An Occasion for Splendour

JUBILEES PAST

A staple of monarchical tradition often filled by military splendour, the royal jubilee is a constantly evolving event. Christopher Joll examines the origin of the regal occasion and the martial spectacular that was Queen Victoria’s Diamond Jubilee

QUEEN VICTORIA'S DIAMOND JUBILEE CELEBRATIONS WERE A COLLECTION OF VAST, INTERNATIONAL SPECTACLES FILLED WITH POMP AND PAGEANTRY ON A SCALE NEVER ATTEMPTED BEFORE OR SINCE, SO DESPITE ITS BASIS IN TRADITION, IT IS SOMEWHAT AN OUTLIER
JOHN CHARLTON (ARTIST)/THE ROYAL COLLECTION

Royal jubilees are a very British phenomenon. Even the name is curious as the word ‘jubilee’ has biblical origins, unless, that is, its usage is an attempt at the affirmation of the sovereign’s lineage, which it is often claimed stretches back to David, King of Israel and Judah.

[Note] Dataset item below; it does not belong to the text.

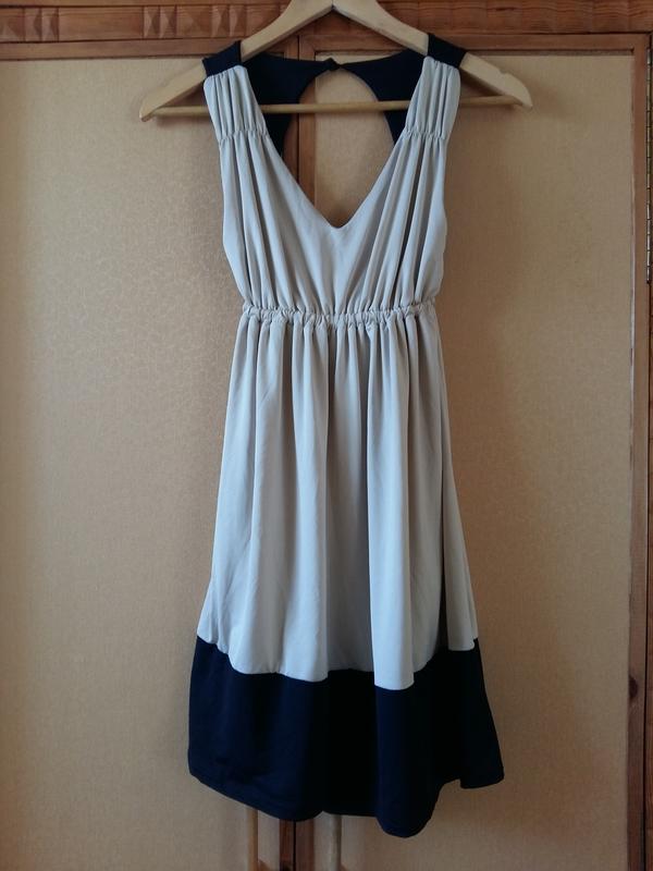 Оригинальное платье из синтетического трикотажа - тонкого, очень мягкого и приятного к телу. Спинка открытая, вверху есть застёжка-пуговица. По талии идёт резинка. Объём груди: 90 см + ещё хорошо тянется Объём талии: 52-100 см Длина: 82 см

It doesn’t – the Royal House of Windsor traces its origins (via William I) to Norsemen, but for the purpose of jubilees, that is beside the point.

Despite the plethora of such events in the current reign, they are in fact rare occasions for British sovereigns. There have been just four prior to the present Queen’s 1977 Silver Jubilee.